At its core, it’s a contract between you and an insurance company where you give them money, and if you were to die (knock on wood), they would give the set amount of money to whomever you choose.

The Benefit of Life Insurance

The most important benefit is that you won’t be leaving your loved ones with a giant pile of debt and expenses. Think about it. Not only would they have to grieve your death, they’d also have to figure out how they’re going to pay for everything (past, present and future).

First of all, we should tell you that under the big ol’ umbrella of life insurance, you pretty much have two different flavors: perm and term.
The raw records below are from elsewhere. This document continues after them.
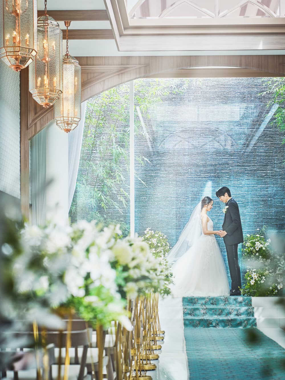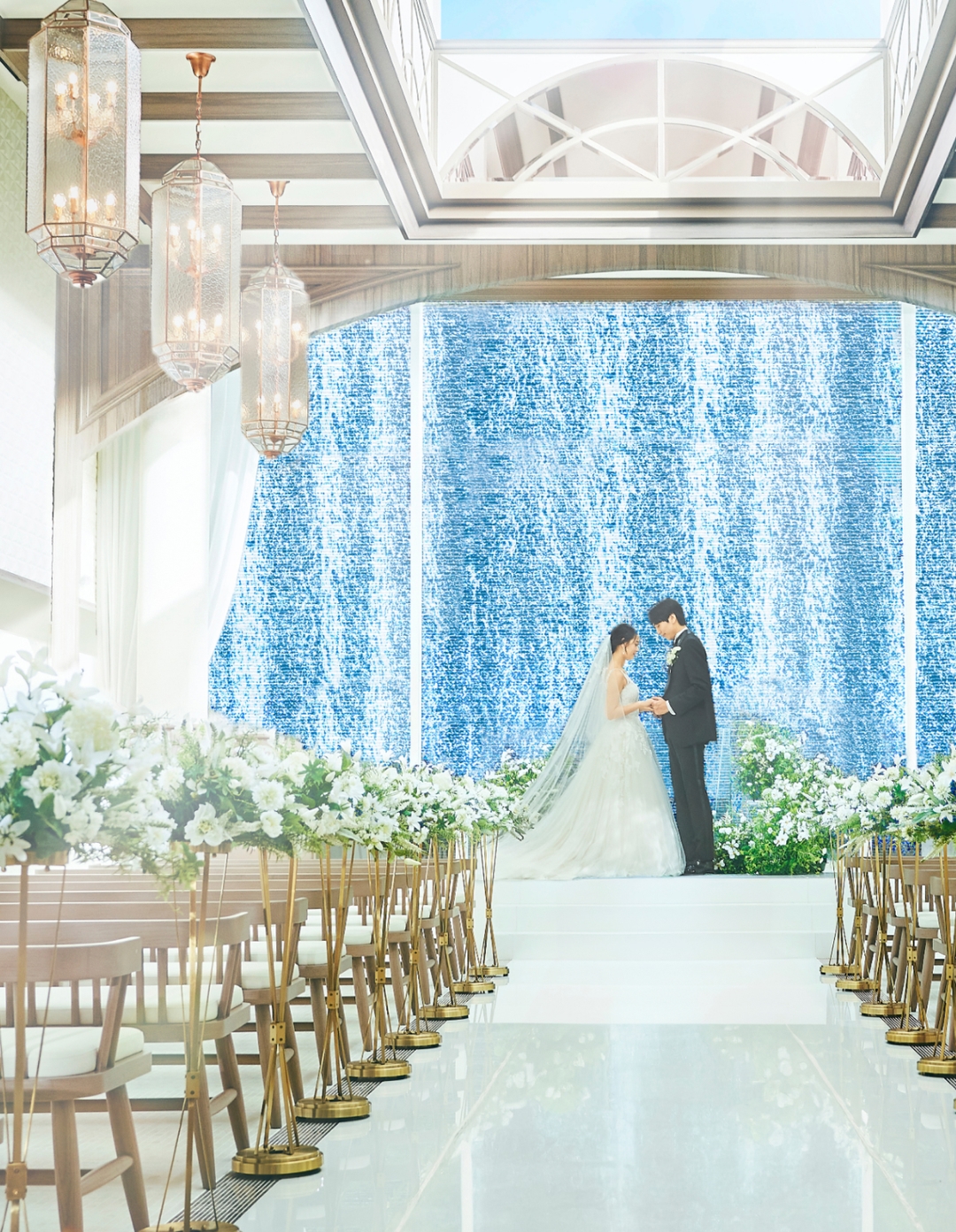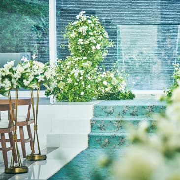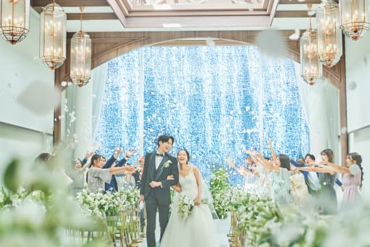 チャペルの扉が開くと、そこは息をのむほど美しい世界。天窓から見える青空と降り注ぐ光、そして祭壇の先に流れる清らかな水が、誓いの空間に特別な彩りを添えます。 洋装も和装も美しく映える、自然と調和した雰囲気の中デドラマチックなセレモニーを叶えていただけます。
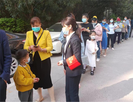 很快檢測點前就排起了長隊,此時的物業(yè)工作人員顧不上渾身疲憊,又馬不停蹄地全力維持現(xiàn)場秩序,引導(dǎo)業(yè)主保持一米距離,并提醒大家提前出示健康碼,面對小區(qū)內(nèi)老年人不會使用手機的情況,工作人員一一耐心進行指導(dǎo)操作。在物業(yè)工作人員的不懈努力下,現(xiàn)場秩序井然,確保了核酸采樣工作快速、高效、有序地開展。盡管忙碌了一上午,他們卻沒有人喊過一聲苦,叫過一聲累,以實際行動履行了城控物業(yè)人的責任擔當。
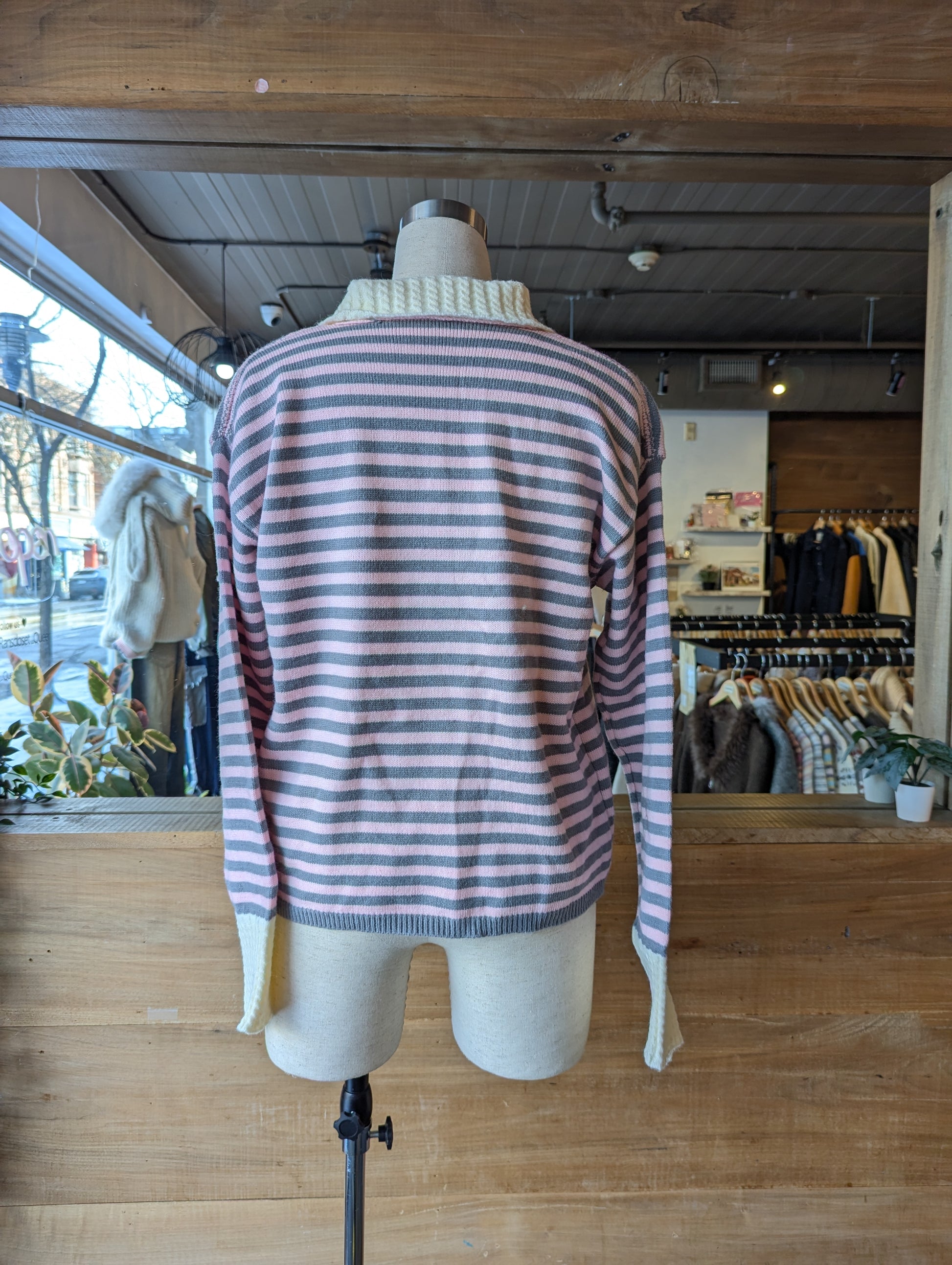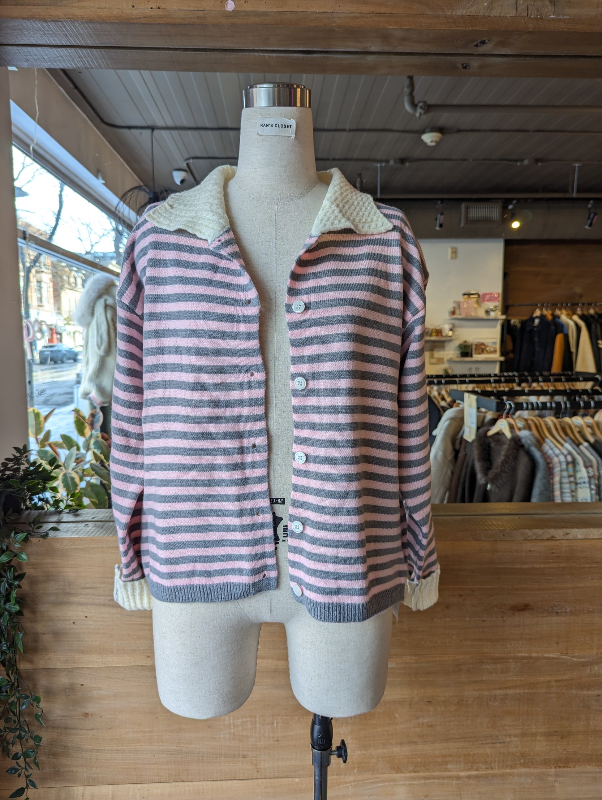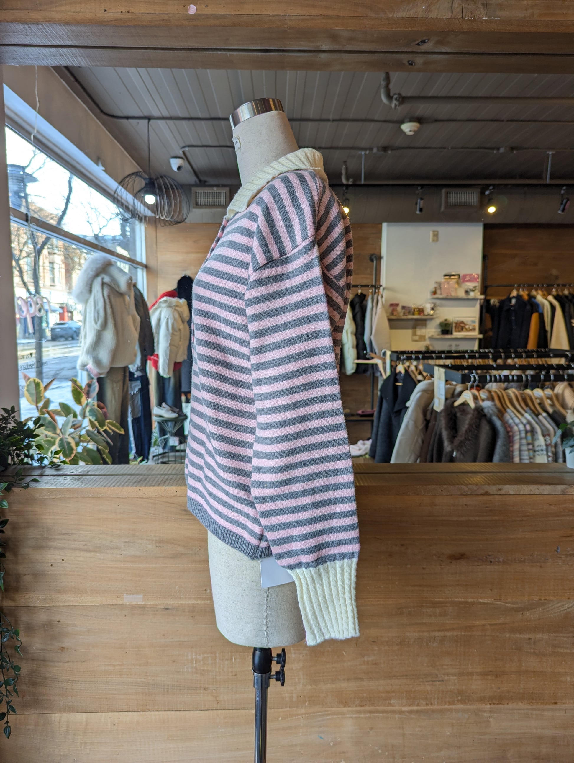 STRIPED BUTTON UP CARDIGAN WITH CABLE KNIT DETAILING
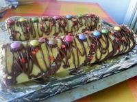 Assemblaggio: srotolare delicatamente la pasta, farcire con il gelato, riarrotolare porre in congelatore per almeno 8-10 ore (se di più è meglio); Tirare fuori dal freezer eliminare le prime fette alle estremità per pareggiare il taglio decorare a piacere e riporre in freezer fino ad una 1/2 ora prima di servire
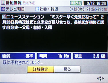 ちなみに、2時間番組を高画質モードで録画した場合の容量は約7.2Gバイト。大容量のHDDを搭載しているとはいえ、デジタル録画の場合は、画質によってはあっという間に容量が増えてしまいがちなので、重宝しそうな機能だ。
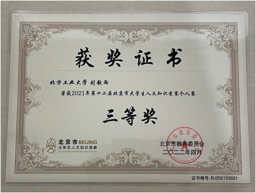 近日,第十二届北京市大学生人文知识竞赛个人赛成绩揭晓,beat365文法学院中文系学生刘歆雨获得三等奖。北京市大学生人文知识竞赛是由北京市教委主办的省部级A类学科竞赛,主要考察学生以文史知识为主的综合素质。beat365学生自2015年参加此项赛事,曾获团体二等奖1项,团体三等奖2项,个人赛二等奖3项,个人赛三等奖1项。受到疫情影响,本届大赛只举办了线上个人赛。beat365多年来一直高度重视以大学美育为核心的文化素质教育工作。疫情...

  • Perm (also called ‘permanent’) life insurance: Just like it sounds, this lasts as long as you do. You keep paying your premiums, and it keeps going. One of the most popular forms is whole life. It offers a fixed premium from start to finish. And works like a savings account, accruing money that you can even borrow against with a loan.
  • Term life insurance: It’s kinda like yogurt. It’s really good for you, but it always comes with a firm expiration date. Here, you get life insurance for a period of time or a "term" (commonly 10, 20 or 30 years) that you decide. Your premiums are fixed for the entire length of your term. And it tends to be considerably less than permanent.

With both varieties of life insurance, when your ticket gets punched, your chosen beneficiary receives the full death benefit to handle any debt and IOUs that may have been left behind.